Perhaps I should fess up.  Although I should know better, in a few weeks Cheryl and I will clean up the garden as usual.  We’ll pull out the faded perennials, rake up the fallen leaves, clean up the annual flowers and toss it all in a compost heap in the back forty.

But before the tree huggers hang me out to dry, we do have a back forty that is left to grow as grassland.  I’ve already planted 20 native trees in the meadow, and this fall I hope to plant 18 more.

I am lucky to have a yard that is 800 feet deep.  The front half of the yard is home to driveway, turf, the house, the backyard, a garage, and a landscape that you might expect from a Landscape Architect.

The back half of the lot is left alone, just the way it was when we moved in.  I am not entirely happy with its development, because the invasive weeds, mostly Knapweed, are thriving at the expense of more Milkweed and desirable native wildflowers that I hope to introduce.  Pulling out the Knapweed is an exercise in futility.  I can only hope that eventually the newly planted trees will give enough shade to beat the weeds.

On both sides of the meadow along the property lines we keep the grass cut low, to give us a tick-free access path to the back of the yard.  The well-maintained perimeter also serves to prevent the weeds and meadow from invading the neighbours’ yards.

No doubt, our back forty is a haven for birds, mice, butterflies, squirrels, bees and more, although I expect the landscaped areas near the house bring in much more wildlife because of the increased diversity of plants of all kinds.  The water garden is a draw for countless birds, especially Finch.

Although I am often tempted to clean it up, Cheryl and I will leave the grassland back forty as is, largely uninterrupted.  Fallen leaves won’t be cleaned up, and the dead perennial weeds will eventually decompose as happens on the forest floor.

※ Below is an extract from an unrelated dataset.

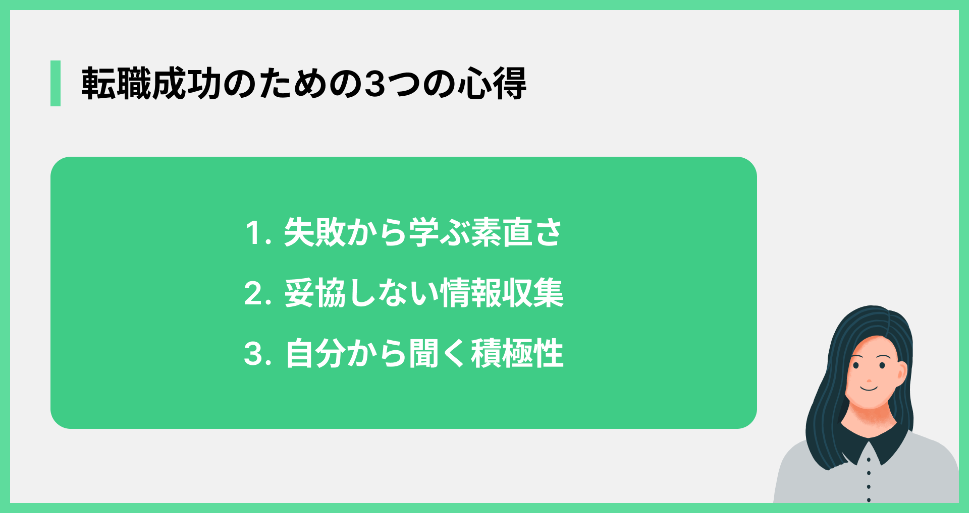 配属ミスマッチという経験をバネにして、次の転職を成功させるためには、いくつか重要なポイントがあります。意識すべきことは以下の通りです。

The benefits of leaving leaves, weeds and organic debris on the ground are plentiful.  Leaving it in place will help protect plants and suppress weeds.  Our nutrient poor soil will eventually be replenished with years of organic matter accumulation.

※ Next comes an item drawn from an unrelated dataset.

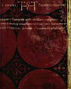 Le document long de 144,5 cm et large de 39,5 cm est un volumen consistant en trois morceaux de parchemin collés ensemble et roulés[13]. On suppose qu'il a été fabriqué dans l'abbaye impériale de Fulda[14], Hartmut Hoffmann attribue la peinture au Maître du Registrum Gregorii[15]. Une étude scientifique du parchemin pourpre à Munich a montré en 1966 que du minium et de la garance ont été utilisés pour la coloration, une indication que la matière a été confectionnée en Occident plutôt que dans l'Empire byzantin[14]. Ce document est un des rares témoins de l'utilisation de la garance au haut Moyen Âge[16],[17]. Le fond pourpre est travaillé à la manière des coûteuses étoffes de soie byzantines : 14 médaillons circulaires et deux demi-médaillons tapissent le champ d'écriture. Les surfaces hors des médaillons sont indigo, avec des motifs végétaux et ornementaux. Les médaillons contiennent des représentations d'animaux : à chaque fois, deux paires d'animaux se battant sont présentées l'une à côté de l'autre en sens opposé. Alternativement, des sortes de griffons saisissant une biche et des lions abattant des chevaux ou des bœufs sont représentés. Les motifs sont inspirés par un mélange d'art du Proche-Orient et byzantin[18].

Fallen dead leaves are a necessary home for butterfly larvae, worms, microbes and overwintering insects.  Perennial plants with their dried-up flower heads are a source of food for insects and small animals.  No doubt, pollinators prefer our messy back forty to our neat and tidy front garden.

It will always be a challenge to introduce native plants into a non-native environment.  Case in point is the Laura Santina Braun naturalization plot at the Goodwill corner of Wellington St and Murphy Rd.  For understandable reasons the garden has been cleared and has now been returned to grass.

Most homeowners who live in urban areas are not ready to let their yards go wild.  Yet, little by little, we can take steps to add plants to improve biodiversity.